Supplied entries >>
##############################

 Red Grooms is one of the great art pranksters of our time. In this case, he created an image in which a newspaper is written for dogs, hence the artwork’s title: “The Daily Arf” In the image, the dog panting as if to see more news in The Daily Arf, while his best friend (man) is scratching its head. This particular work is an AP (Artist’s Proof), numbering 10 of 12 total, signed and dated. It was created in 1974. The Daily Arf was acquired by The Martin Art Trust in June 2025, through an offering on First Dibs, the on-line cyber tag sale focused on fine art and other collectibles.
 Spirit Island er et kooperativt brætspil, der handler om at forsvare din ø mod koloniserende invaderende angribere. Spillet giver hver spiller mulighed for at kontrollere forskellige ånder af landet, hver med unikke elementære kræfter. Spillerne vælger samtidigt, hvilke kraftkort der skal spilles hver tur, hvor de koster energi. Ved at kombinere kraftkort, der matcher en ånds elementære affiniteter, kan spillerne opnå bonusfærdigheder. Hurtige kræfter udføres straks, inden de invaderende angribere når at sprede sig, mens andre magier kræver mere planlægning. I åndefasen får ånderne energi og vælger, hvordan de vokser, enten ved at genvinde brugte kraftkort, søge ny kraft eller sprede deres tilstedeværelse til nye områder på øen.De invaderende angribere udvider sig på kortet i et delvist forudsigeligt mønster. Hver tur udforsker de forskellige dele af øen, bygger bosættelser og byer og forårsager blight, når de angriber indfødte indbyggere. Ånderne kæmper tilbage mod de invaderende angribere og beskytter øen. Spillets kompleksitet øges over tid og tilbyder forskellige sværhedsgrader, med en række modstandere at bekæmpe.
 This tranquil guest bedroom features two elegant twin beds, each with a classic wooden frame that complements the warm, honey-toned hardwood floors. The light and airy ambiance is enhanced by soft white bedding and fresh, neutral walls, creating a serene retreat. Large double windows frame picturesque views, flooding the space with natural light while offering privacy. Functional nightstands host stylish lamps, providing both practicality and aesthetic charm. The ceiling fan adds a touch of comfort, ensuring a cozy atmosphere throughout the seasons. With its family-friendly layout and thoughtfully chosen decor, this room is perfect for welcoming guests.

##############################

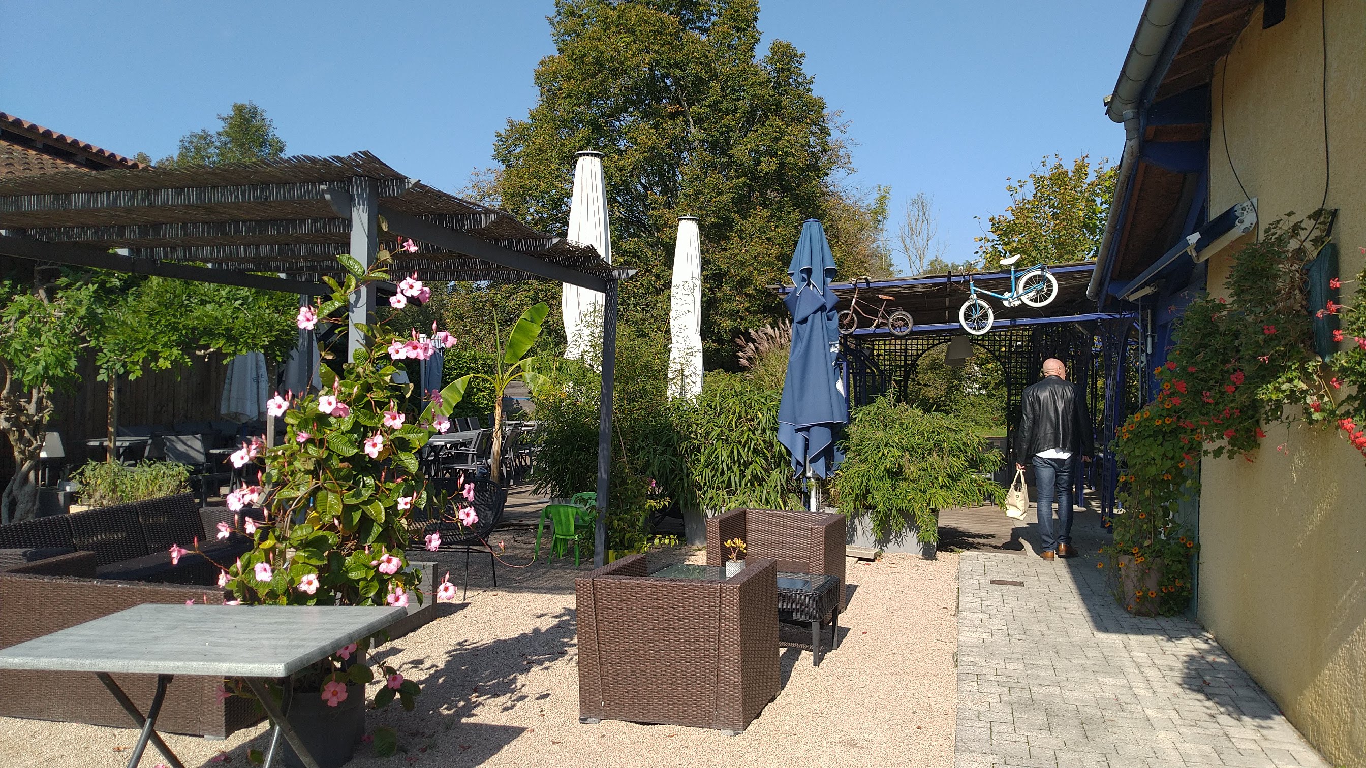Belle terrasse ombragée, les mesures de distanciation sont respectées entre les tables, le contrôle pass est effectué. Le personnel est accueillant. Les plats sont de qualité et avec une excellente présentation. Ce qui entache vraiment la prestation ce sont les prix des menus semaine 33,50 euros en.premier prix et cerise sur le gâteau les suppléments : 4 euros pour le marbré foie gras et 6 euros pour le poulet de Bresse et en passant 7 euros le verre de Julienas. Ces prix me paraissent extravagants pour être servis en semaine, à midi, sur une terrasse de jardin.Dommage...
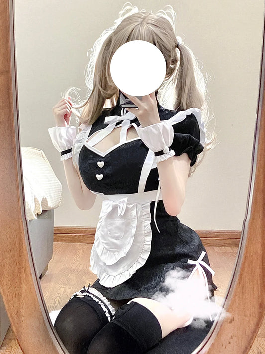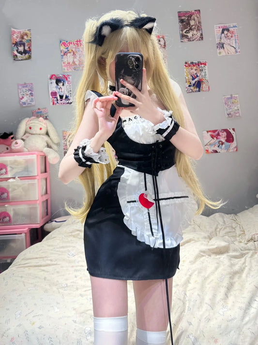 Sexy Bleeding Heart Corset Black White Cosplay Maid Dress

##############################

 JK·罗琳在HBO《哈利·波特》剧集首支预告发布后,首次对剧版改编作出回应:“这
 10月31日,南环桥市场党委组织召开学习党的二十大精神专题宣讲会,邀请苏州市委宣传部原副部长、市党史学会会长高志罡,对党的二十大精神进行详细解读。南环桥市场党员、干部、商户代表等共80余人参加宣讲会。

##############################

Exercise instructions >>
Your task for the entries above: copy exactly the span starting with the line with "JK·罗琳在HBO《哈利·波" and going on through the line with "10月31日,南环桥市场党委", both lines included, and nothing else.

Solution >>
 JK·罗琳在HBO《哈利·波特》剧集首支预告发布后,首次对剧版改编作出回应:“这
 10月31日,南环桥市场党委组织召开学习党的二十大精神专题宣讲会,邀请苏州市委宣传部原副部长、市党史学会会长高志罡,对党的二十大精神进行详细解读。南环桥市场党员、干部、商户代表等共80余人参加宣讲会。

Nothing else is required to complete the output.